Beware hyphenated beverages, and television tropes

After the meetings were done and the work completed, it was time for a bike ride. We took the usual Friday route, and today that meant about 42 miles. I rode it very fast, which means decidedly average.

After the second stop sign I caught a break in traffic and decided to see how long I could stay out front. So I looked over my shoulder for the next 36 miles. But my shoulder and my wheel stayed clean.

I knew if “I make it to there, I can stay out front until … ” and then I did, which meant I had to keep reshaping those observations. “OK, if I can make it to the climb … ” and then I did, so I did that four or five times and I found myself shooting for the place where she caught me last week. At which point she was well back and I thought I might stay out front the entire way, if traffic would cooperate. So then I had to ride harder to be sure. And that’s how I stayed out front the entire way, which never happens. Turns out my legs felt tired, but it was a pretty good ride. And The Yankee didn’t have her best ride. That’s what it takes to stay ahead of her. (She’s very fast.)

Sometimes, you can say it all in 280 characters.

But why stop with one 280-character style tweet when you own a domain where you can throw another 1,450 characters and 322 more words on it?

They made a movie based on the television show a few years ago. I understand it was very bad. I listened to some people complaining about that, another part of their childhood ruined, basically, before saying “It isn’t like the show was high art … ” and everyone had to agree.

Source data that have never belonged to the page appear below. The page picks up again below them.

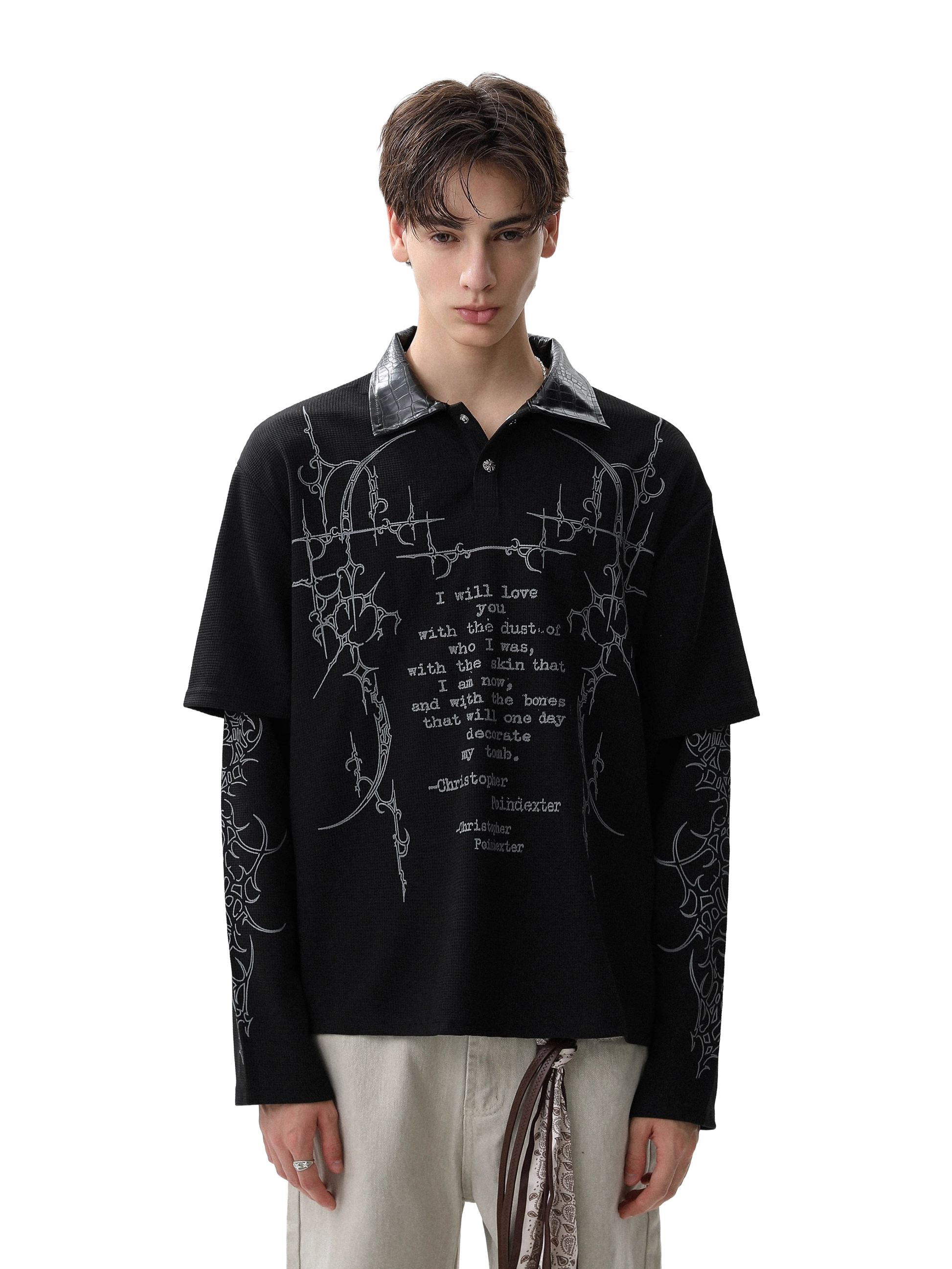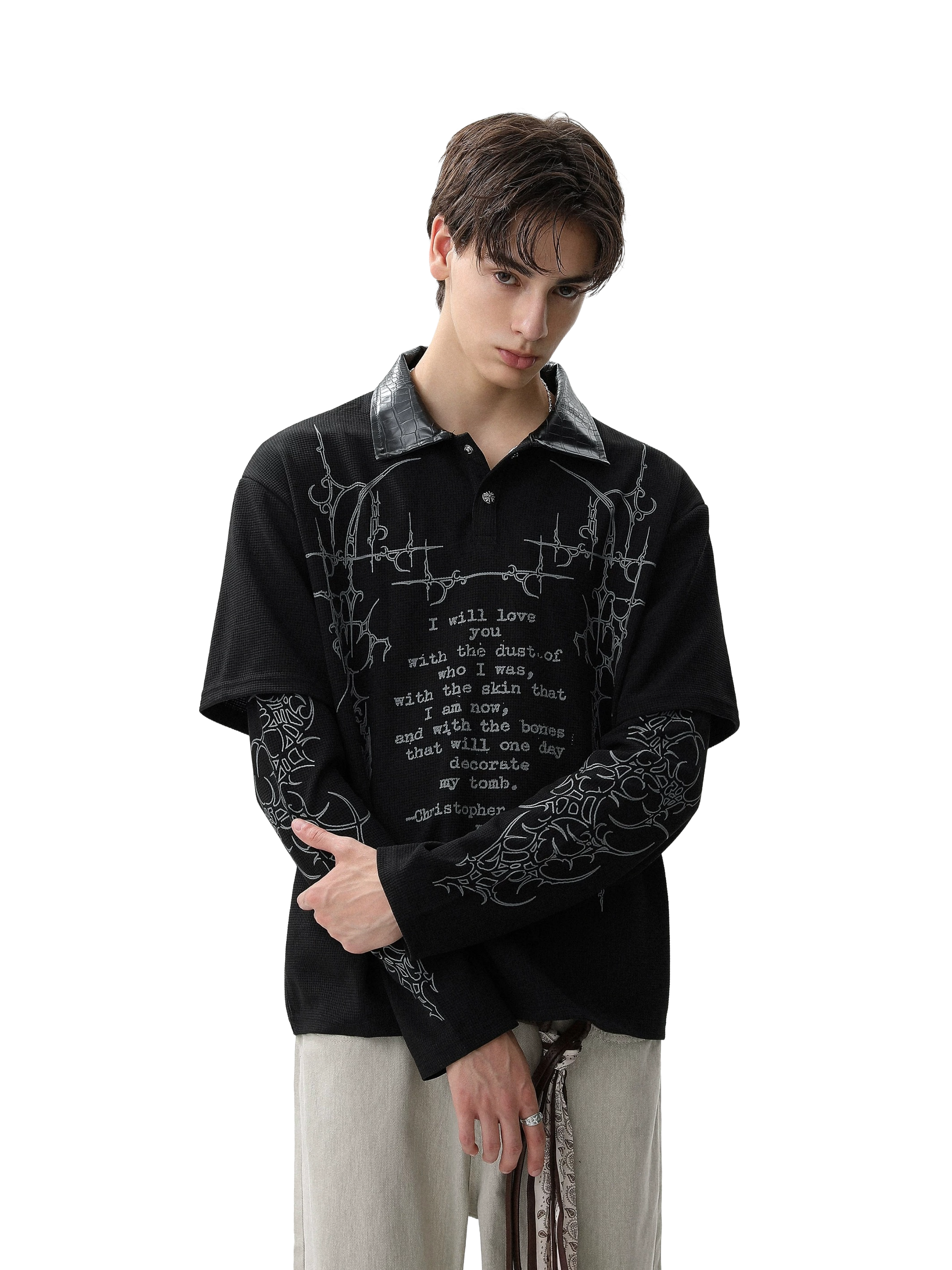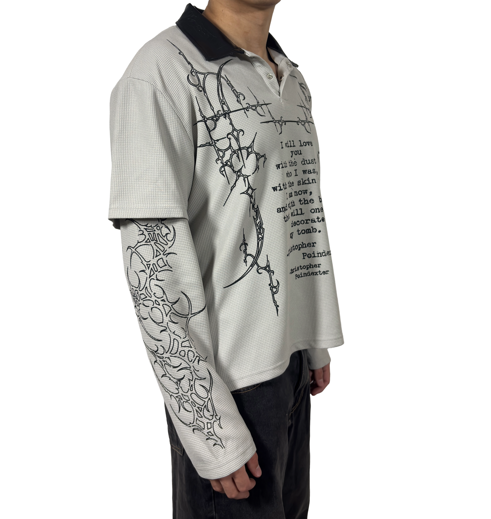 Made from 100% cotton, the Sigil Thermal features a Henley button neckline, leather collar, and built in layered sleeves. Cyber sigil graphics wrap the body around a printed Christopher Poindexter quote.
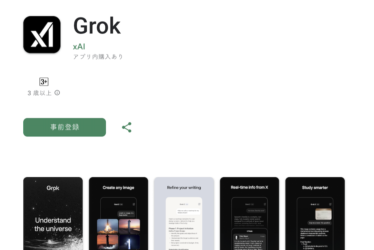 生成AI「Grok」を開発するxAIは2月4日、Android版Grokアプリの事前登録をGoogle Playで開始した。
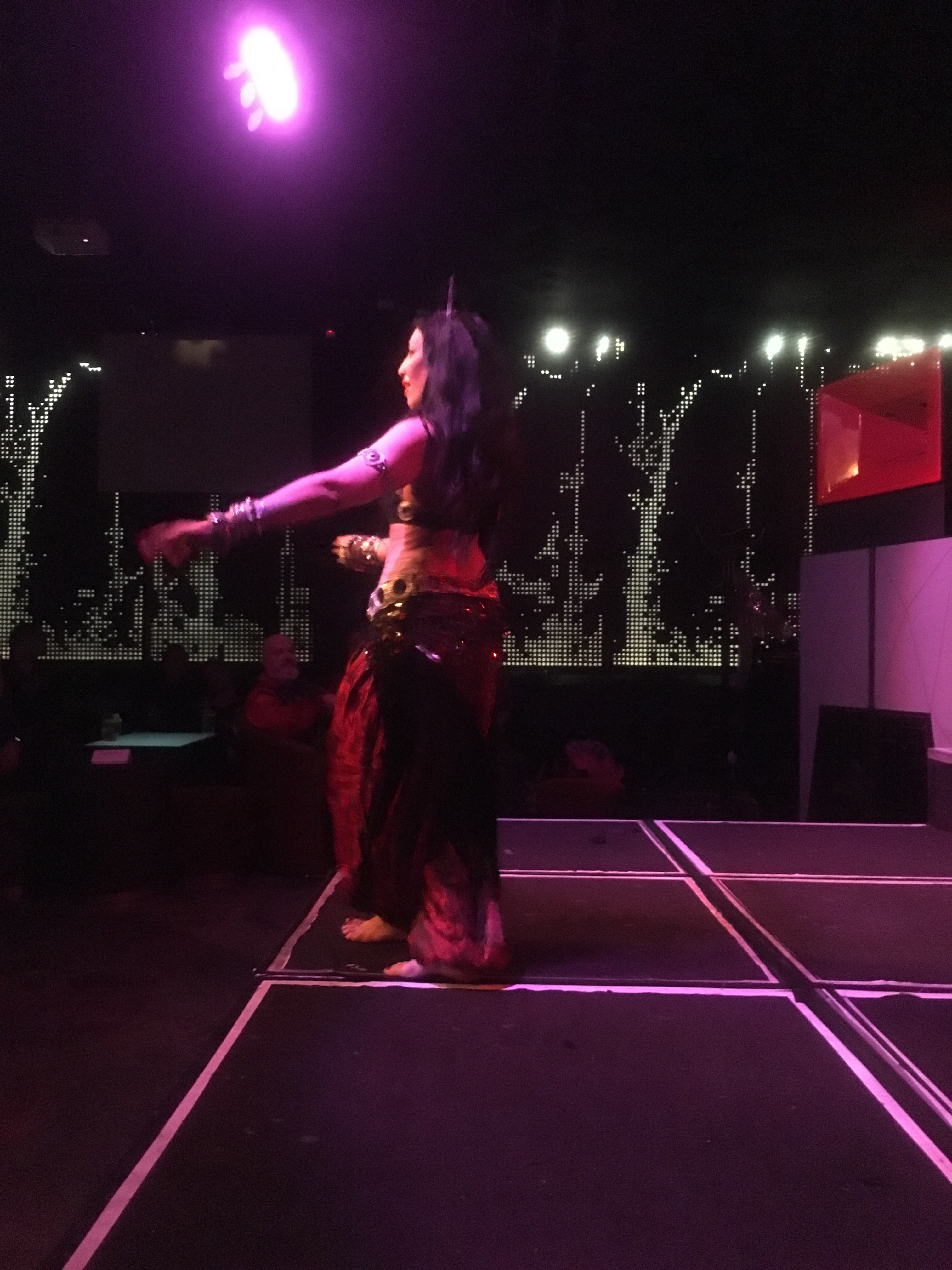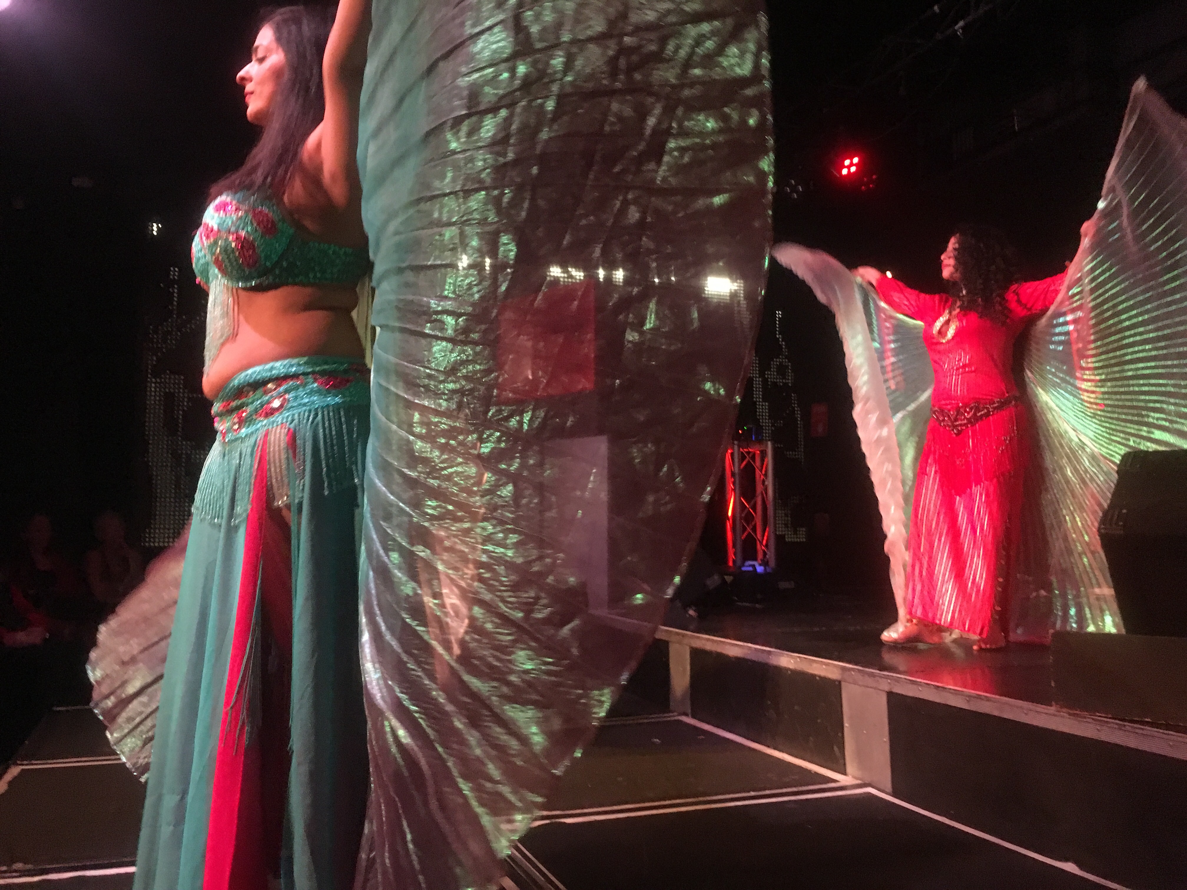 The Quizzical Mr Jeff was a highlight of the evening with his sublime manipulation, juggling and surprise productions. Fast paced and fantastic, when The Quizzical Mr Jeff is onstage you do not want to be looking anywhere else! Throughout the evening, the audience was introduced to many dancers, however they were all a highlight for me – whether it was dancing with swords or pretty flowing garments, or the usual bellydancer’s skirt that jingles, it was so easy to get carried away with the rhythm and spectacle of it all. Ronicka and Ayfer are wonderful to behold as a duo, as much as when they are solo performers. I much enjoyed Afyer’s dancing in tall heels, with her sassy dramatic hair flicks. Ronicka’s precision and strong poses were equally as captivating. Azra and her belly dance school were a delight. Azra’s solo performance was beautiful and exciting as she held all the eyes in the room. Dancers from her school were joyful, energetic and brought a whirling, whimsical feel to the evening. During their performance, we may as well have been in a courtyard in Morocco or in a far away place. All the dancers of the evening were spellbinding.
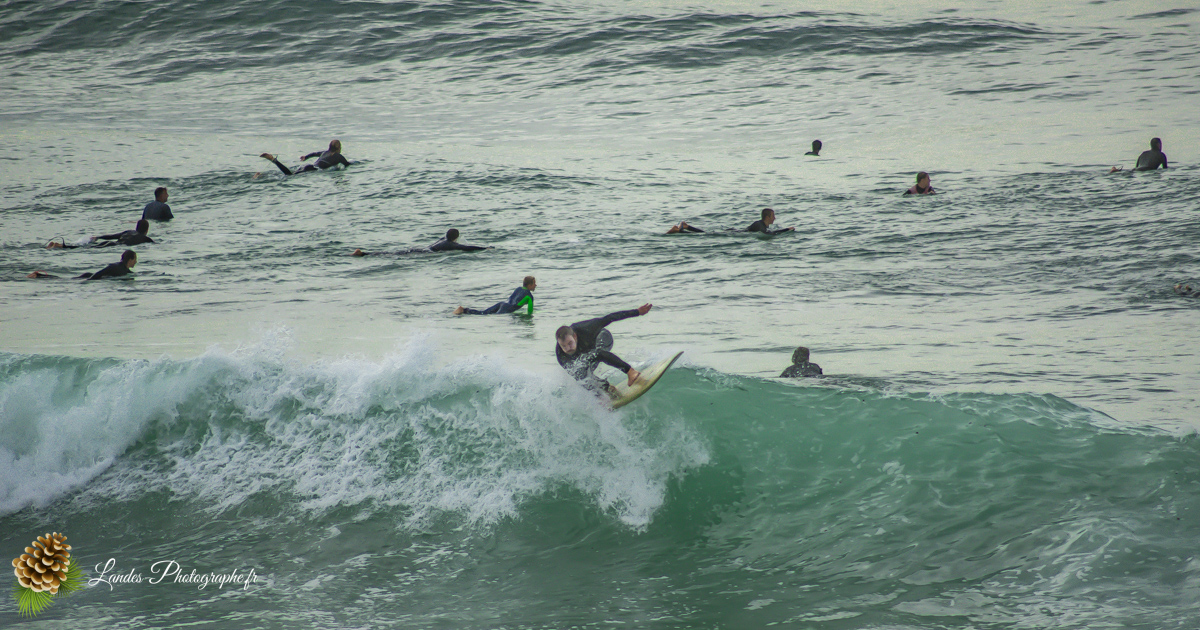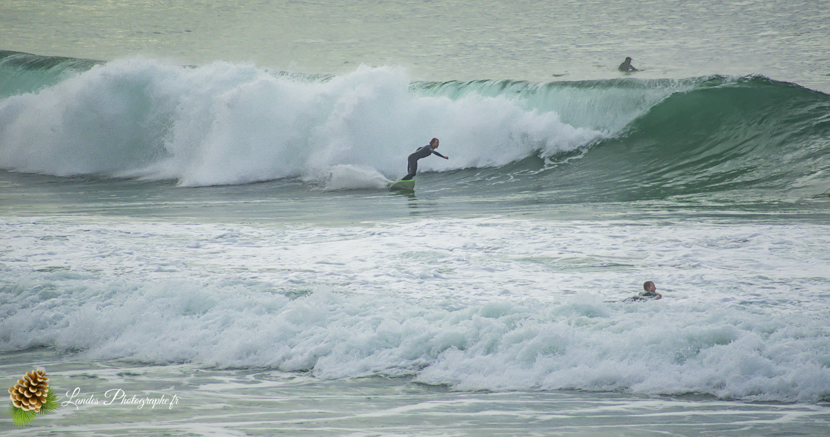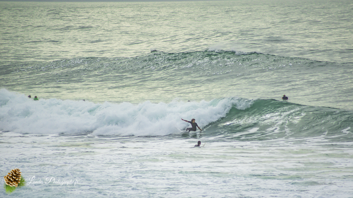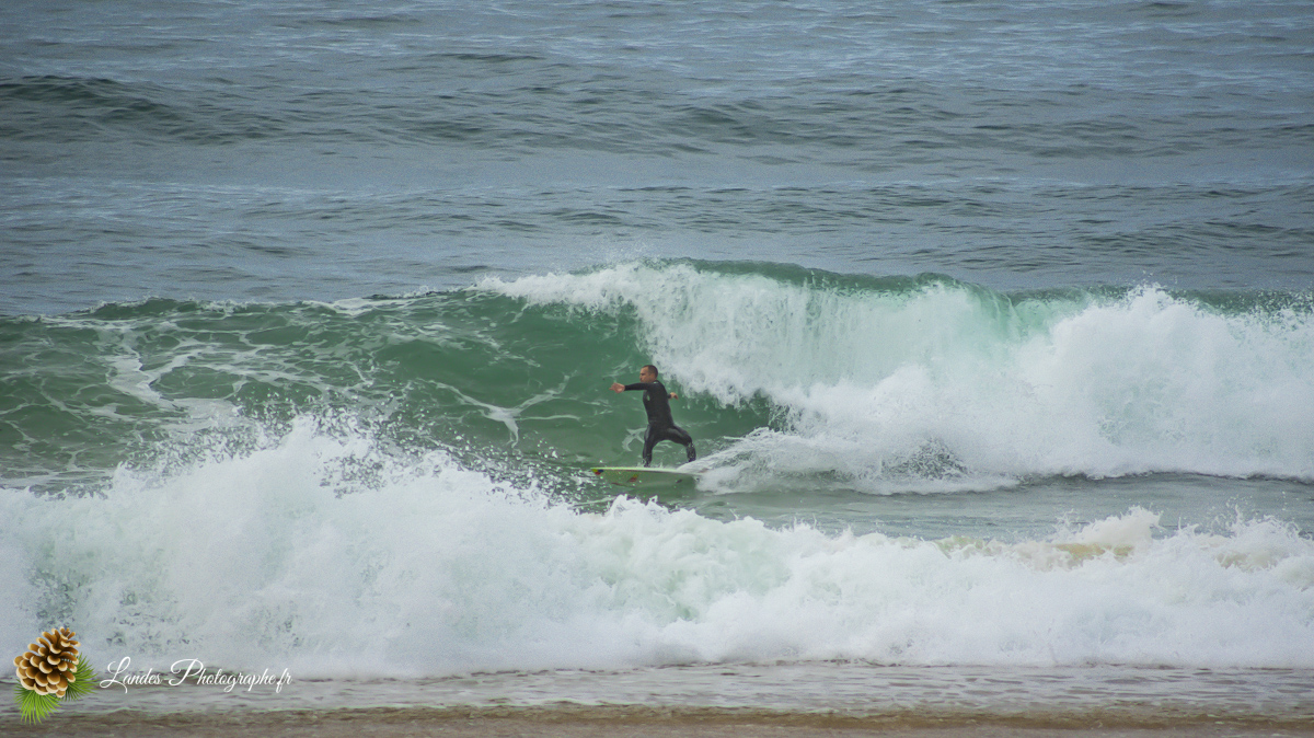 En ce 22 octobre 2025, la côte landaise nous a offert l’un de ses plus beaux visages. Je me suis rendu sur la Plage du Prévent à Capbreton pour immortaliser une session de surf marquée par une lumière dorée et des conditions typiques de notre « été indien ».
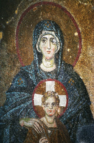 Мозаики. Другая характерная особенность декорации византийских храмов щедрое украшение стен и сводов изображениями, выполненными в технике мозаики. Сам по себе этот прием был хорошо известен и широко практиковался в Древнем Риме, но в византийских храмах именно мозаичная декорация часто становится определяющей. К тому же византийские мастера внесли в это искусство свои профессиональные новации, добившись новых исключительных художественных эффектов. Во-первых, византийские мозаики выполнялись преимущественно из смальты окрашенных цветными эмалями кусочков стекла, которые красочно сияли. И, во-вторых, их укладывали под небольшим углом друг к другу, так что они по-разному отражали свет, благодаря этому возникали тончайшие художественные нюансы. В мозаиках изображали Христа, Богоматерь (см. ил. 6), святых и мучеников; в них представали в сопровождении свиты императоры (ил. 10) и императрицы (см. ил. 25.1); мозаичные фигуры императоров были обнаружены под поздним живописным слоем в Софии Константинопольской. Нередко мозаики носили чисто декоративный характер (кресты, орнаменты).
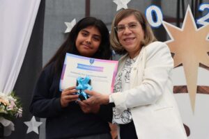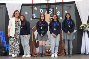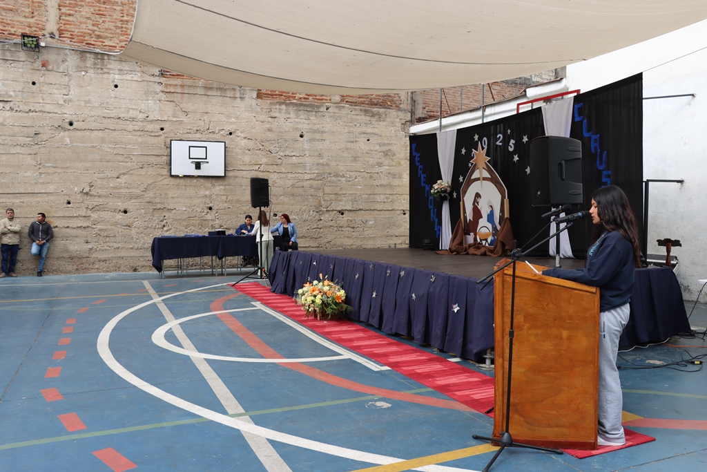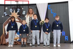 Amanda Rojas, representante del Centro de Estudiantes de nuestro colegio señaló que cada estudiante aporta de manera distinta a nuestra comunidad, algunos desde lo académico, otros desde lo valórico y otros desde el compañerismo fraterno. “Como estudiantes, este año hemos aprendido más que contenidos, hemos aprendido valores fundamentales que el colegio nos transmite día a día, enseñanzas que quedan con nosotros para siempre y nos ayudan a seguir creciendo como personas”. Además, resaltó que esta ceremonia es un recordatorio de que el trabajo constante vale la pena y que cada paso que dan los acerca a sus metas.
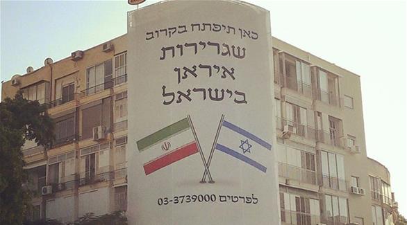 لوحة في قلب تل أبيب تُبشر بإفتتاح السفارة الإيرانية في إسرائيل
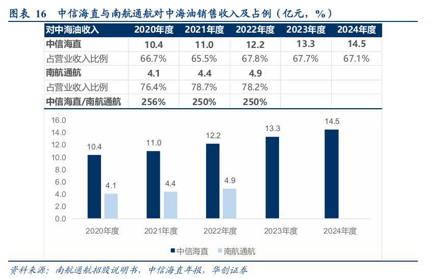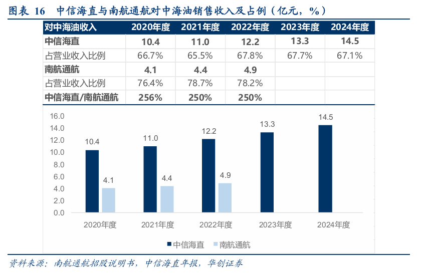 2020-24年,中信海直对中海油销售收入分别 10.4、11.0、12.2、13.3及14.5亿,占收入比重约7成;南航通航2020-2022年间对中海油销售收入分别为4.1、4.4及4.9亿元,占收入比重约8成。中信海直相关收入是南航通航的2.5倍左右。
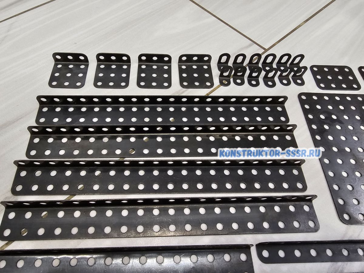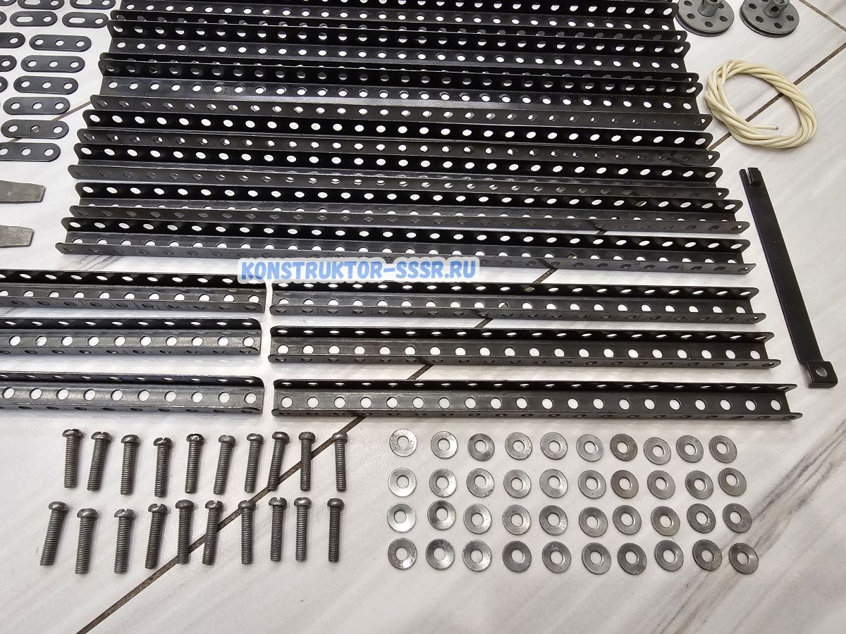 В этой коробке находится набор простых деталей, предназначенных для сборки моделей различных механизмов, машин, сооружений. Стандартная длина, ширина и высота наших деталей позволяют многообразно их составлять вместе в различных узлах. А равномерные ряды одинаковых отверстий позволяют скреплять эти узлы винтами и гайками.

I call it the Yoo-hoo phenomenon. You remember that drink. It was so good.

It isn’t good at all.

This used to be the Chocolate Soldier phenomenon, but that drink disappeared before the turn of the century — and not a single soul outside the creation of the product noticed — but Yoo-hoo, somehow, survives.

Point is, things that you thought were great when you were a kid are probably not good at all. And after you get over watching GTOs jump over every ravine that doesn’t exist in south Georgia, and realizing that it always seems to be infrastructure week in Hazzard County, there’s not a lot to the show.

I’d like to see the Amazon metrics, is what I’m saying. How many people are streaming that show, at this point? It is, I would imagine, a vanishingly small number. Also, it’s disappeared before, only to quietly return, so what do I know? What does this Time author of 2015 who decided to re-watch the pilot episode know? (Update: A week later, it’s still there, but a bit harder to find. And you can still by t-shirts or fake rustic tin sizes featuring the car. There are also 66 purchase options for Yoo-hoo.)

In more ways than one, The Dukes of Hazzard are a chocolate-flavored drink. It’s not milk; it’s barely a chocolate. People that endured the Dukes because the kids loved it could have said the same thing, then. And who among all of us are streaming shows like that now?